WHAT IS REQUIRED:
Every record is to be duplicated exactly as it reads, without its images.

===== STUDY MATERIAL =====

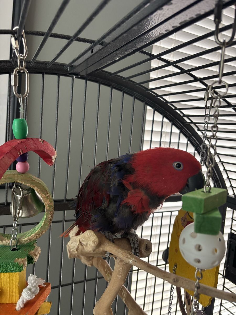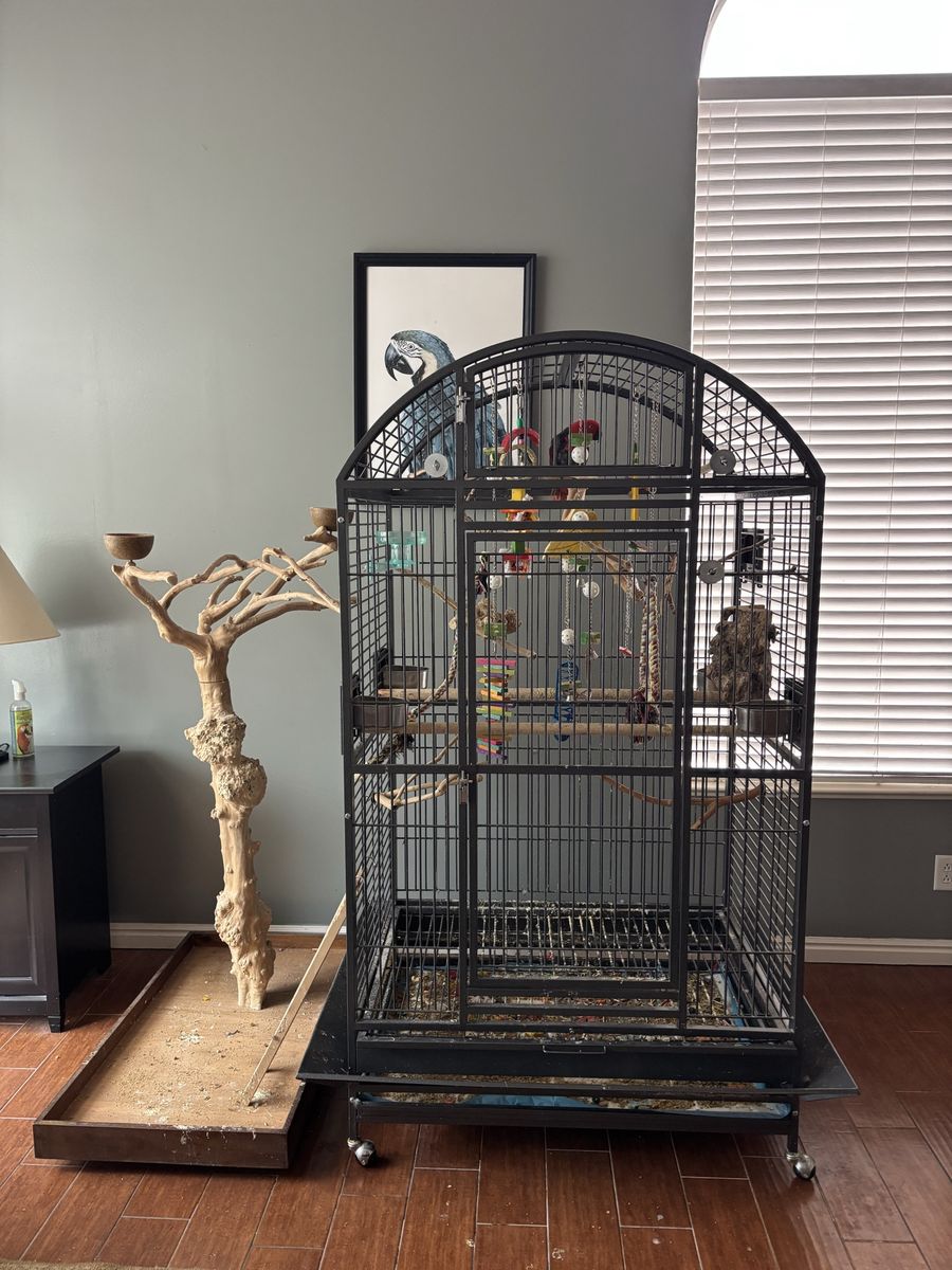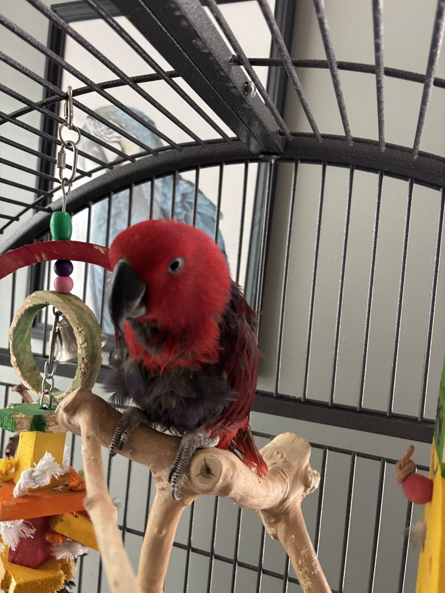 VenmoThis is Willow. She is about 6 years old. We have had this sweet girl for 4 years now. I am looking to find a good home for her. She comes with a VERY LARGE cage, Java tree, and a bird carrier back-pack. She is so sweet and kind to people. She is hand tamed. She likes to be held but will also push your hand away with her beak if she’s not interested. She is nice to birds but is territorial of her perching areas. I think she has anxiety which is why she plucks. She has been checked by a vet when I got her. She was plucking then. All tests came back normal though, so they thought anxiety as well. She will have moments where she doesn’t pluck as much. The first picture was a while ago but all the others are recent.
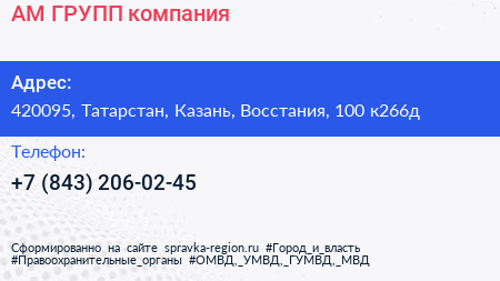 АМ ГРУПП, компания по адресу 420095, Татарстан, Казань, Восстания, 100 к266д в дальнейшем Организация, размещена в следующих категориях:
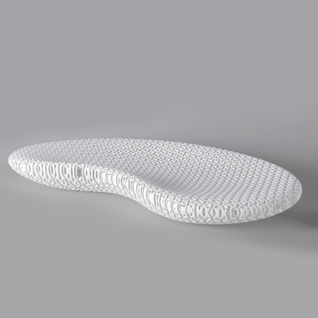 The Future Systems fruit bowl was produced via selective laser sintering (SLS), a process by which a computer controls a laser that heats and solidifies a polyamide powder upon contact, building up a form, minuscule layer by minuscule layer, into a single complete piece. The asymmetrically-shaped bowl is a study in complex geometry and severe curves, seemingly made up of multiple, pierced, and layered surfaces, curving in several directions at once. By using the SLS manufacturing method, the object is built up as a single piece, interstices and all, rather than made from concentric layers of material wrapped one over the other.
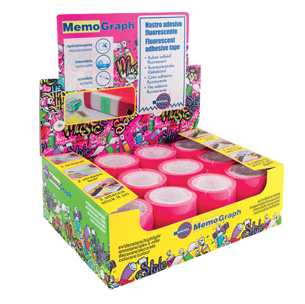 Nastro adesivo scrivibile e rimovibile, completamente trasparente in colori fluo. Sostituisce il classico foglietto adesivo ma senza staccarsi dalle superfici. Dotato di adesivo rimovibile, puo' essere staccato e riattaccato piu' volte senza rovinare i documenti.
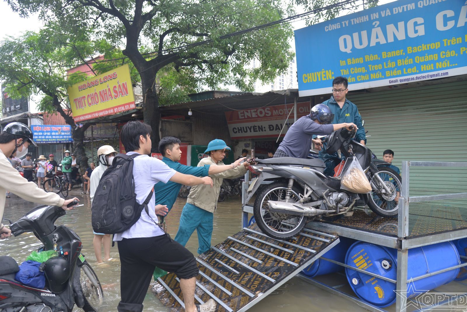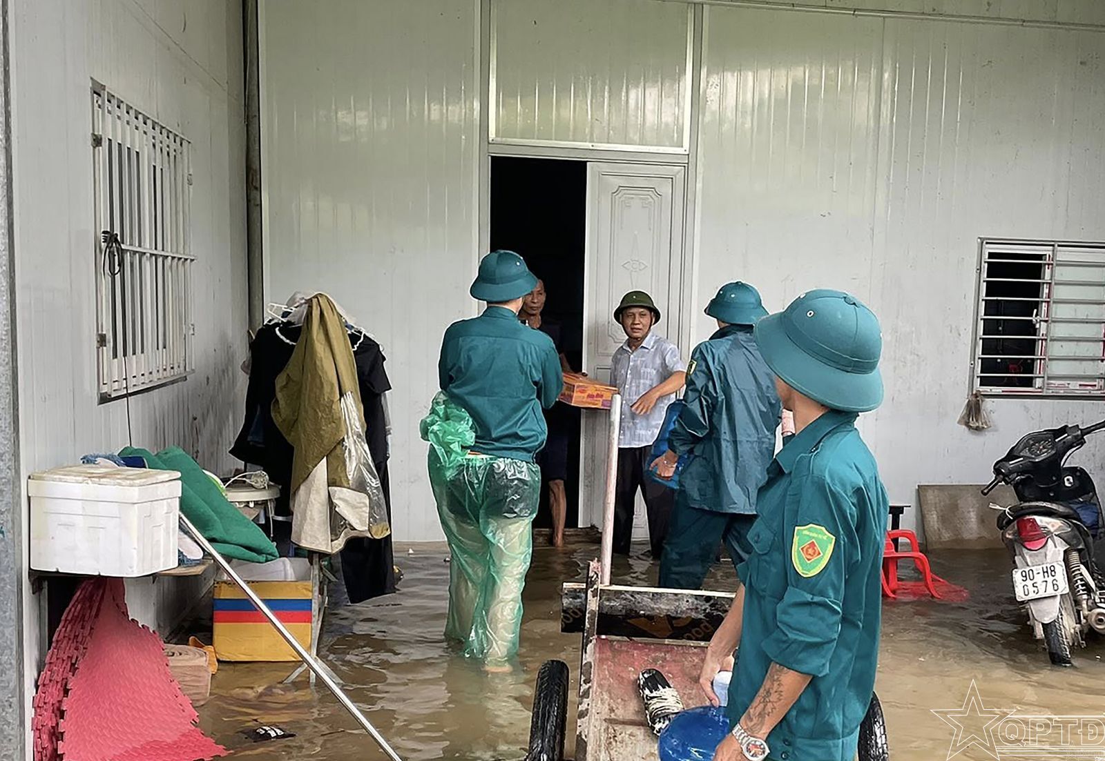 Vận chuyển nước uống và hàng cứu trợ đến tay người dân bị ngập úng.
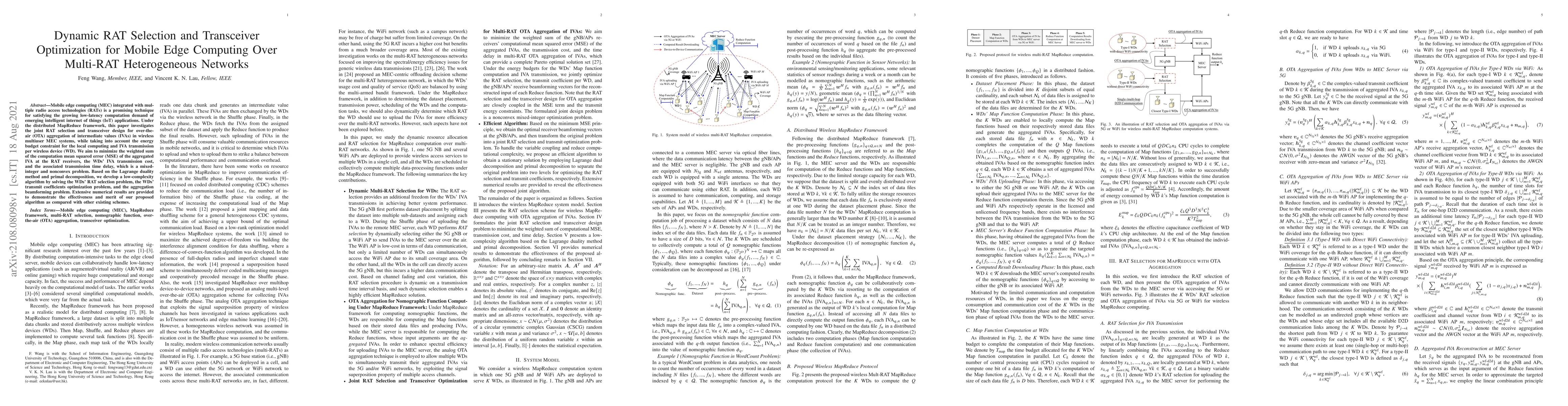 This paper proposes a new algorithm to optimize RAT selection and transceiver design for mobile edge computing in multi-RAT heterogeneous networks, aiming to minimize computation error, transmission cost, and delay. The proposed algorithm is shown to be effective in reducing errors and improving performance compared to existing schemes.
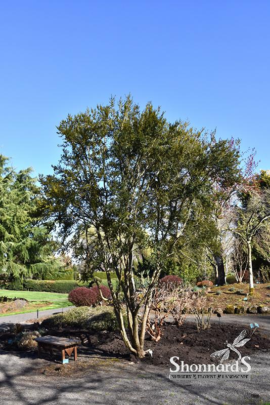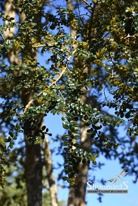 A graceful, layered, large evergreen shrub or small tree with tiny, glossy green foliage; clusters of yellow flowers along the branches have a delicious vanilla fragrance; tremendous as an accent, under taller trees, or as a hedge or screen
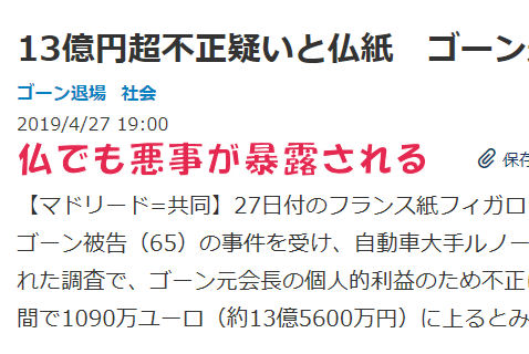 ゴーンは高額所得だったが合法的脱税?でフランスには殆ど納税していなかったことも判明、 税金も逃れるような奴はサポートしないという声もフランス国内にはあるそう。 |
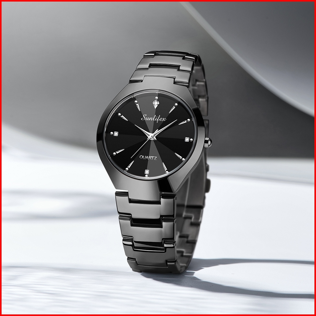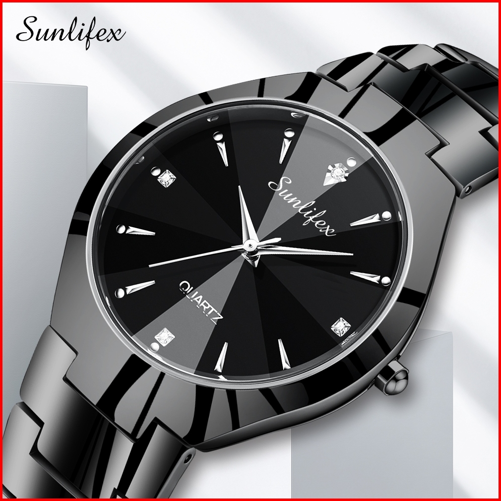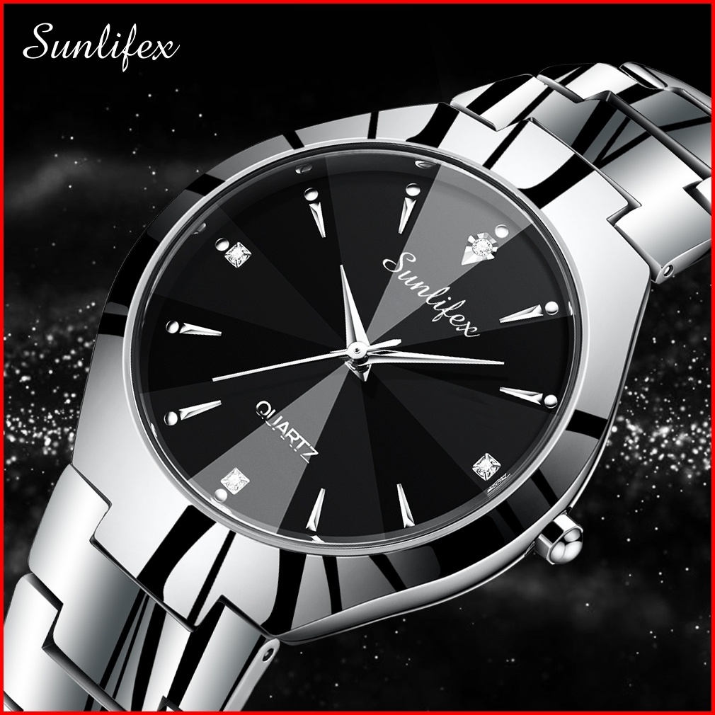 Sunlifex 9090m Jam Tangan Pria Anti Air Bisnis Kasual Belah Ketupat Cermin Tali Stainless Steel Kuarsa Jam Tangan Pria O
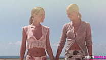Two Blondes Perform Cross Ass to Mouth on an Empty Beach
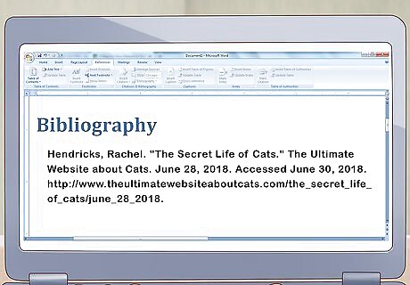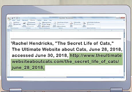Put the URL and a comma next. The URL is the web address where you found the webpage. Include the whole address, along with the "http" at the beginning. Now your citation looks this way: Rachel Hendricks, "The Secret Life of Cats," The Ultimate Website about Cats, June 28, 2018, accessed June 30, 2018, http://www.theultimatewebsiteaboutcats.com/the_secret_life_of_cats/june_28_2018,
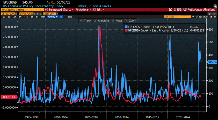 US Economic Policy Uncertainty Index (blue line); Chicago FED Financial Conditions Index (red line).
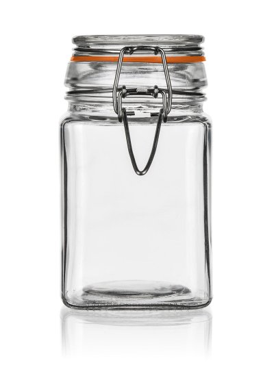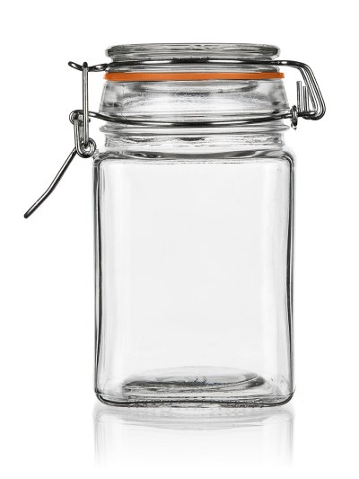 Dóza hermetická 260 ml, hranatá, skleněná, s patentním uzávěrem, LINA.
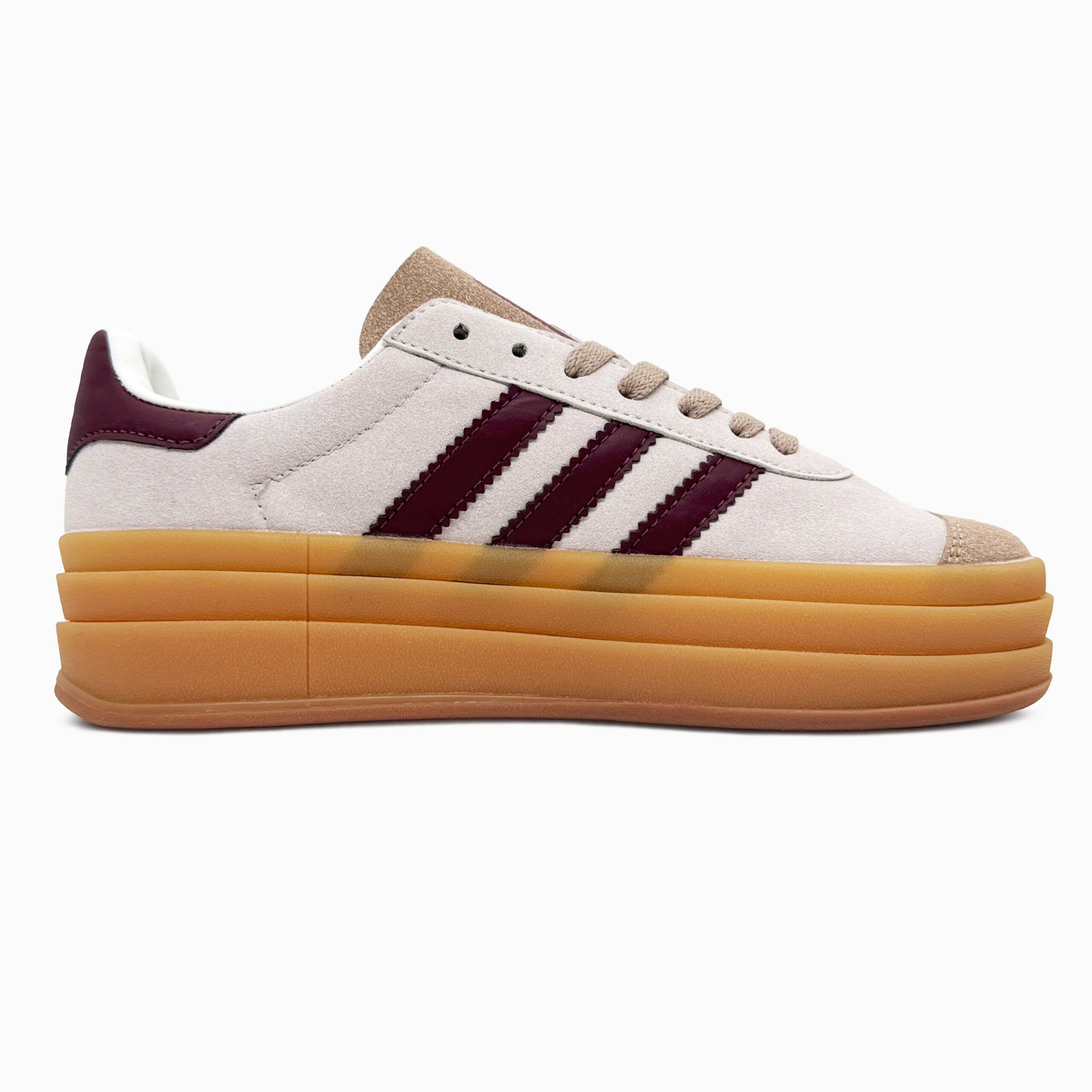 Adidas Gazelle Bold Cream Maroon — це стильні кросівки в оновленому ретро-силуеті Gazelle з піднесеною платформою, кремово-білою базою й бордовими акцентами, поєднуючі класичний дизайн і сучасний комфорт для повсякденного носіння.

=====

RESPONSE BELOW:
 VenmoThis is Willow. She is about 6 years old. We have had this sweet girl for 4 years now. I am looking to find a good home for her. She comes with a VERY LARGE cage, Java tree, and a bird carrier back-pack. She is so sweet and kind to people. She is hand tamed. She likes to be held but will also push your hand away with her beak if she’s not interested. She is nice to birds but is territorial of her perching areas. I think she has anxiety which is why she plucks. She has been checked by a vet when I got her. She was plucking then. All tests came back normal though, so they thought anxiety as well. She will have moments where she doesn’t pluck as much. The first picture was a while ago but all the others are recent.
 АМ ГРУПП, компания по адресу 420095, Татарстан, Казань, Восстания, 100 к266д в дальнейшем Организация, размещена в следующих категориях:
 The Future Systems fruit bowl was produced via selective laser sintering (SLS), a process by which a computer controls a laser that heats and solidifies a polyamide powder upon contact, building up a form, minuscule layer by minuscule layer, into a single complete piece. The asymmetrically-shaped bowl is a study in complex geometry and severe curves, seemingly made up of multiple, pierced, and layered surfaces, curving in several directions at once. By using the SLS manufacturing method, the object is built up as a single piece, interstices and all, rather than made from concentric layers of material wrapped one over the other.
 Nastro adesivo scrivibile e rimovibile, completamente trasparente in colori fluo. Sostituisce il classico foglietto adesivo ma senza staccarsi dalle superfici. Dotato di adesivo rimovibile, puo' essere staccato e riattaccato piu' volte senza rovinare i documenti.
 Vận chuyển nước uống và hàng cứu trợ đến tay người dân bị ngập úng.
 This paper proposes a new algorithm to optimize RAT selection and transceiver design for mobile edge computing in multi-RAT heterogeneous networks, aiming to minimize computation error, transmission cost, and delay. The proposed algorithm is shown to be effective in reducing errors and improving performance compared to existing schemes.
 A graceful, layered, large evergreen shrub or small tree with tiny, glossy green foliage; clusters of yellow flowers along the branches have a delicious vanilla fragrance; tremendous as an accent, under taller trees, or as a hedge or screen
 ゴーンは高額所得だったが合法的脱税?でフランスには殆ど納税していなかったことも判明、 税金も逃れるような奴はサポートしないという声もフランス国内にはあるそう。 |
 Sunlifex 9090m Jam Tangan Pria Anti Air Bisnis Kasual Belah Ketupat Cermin Tali Stainless Steel Kuarsa Jam Tangan Pria O
Two Blondes Perform Cross Ass to Mouth on an Empty Beach
Put the URL and a comma next. The URL is the web address where you found the webpage. Include the whole address, along with the "http" at the beginning. Now your citation looks this way: Rachel Hendricks, "The Secret Life of Cats," The Ultimate Website about Cats, June 28, 2018, accessed June 30, 2018, http://www.theultimatewebsiteaboutcats.com/the_secret_life_of_cats/june_28_2018,
 US Economic Policy Uncertainty Index (blue line); Chicago FED Financial Conditions Index (red line).
 Dóza hermetická 260 ml, hranatá, skleněná, s patentním uzávěrem, LINA.
 Adidas Gazelle Bold Cream Maroon — це стильні кросівки в оновленому ретро-силуеті Gazelle з піднесеною платформою, кремово-білою базою й бордовими акцентами, поєднуючі класичний дизайн і сучасний комфорт для повсякденного носіння.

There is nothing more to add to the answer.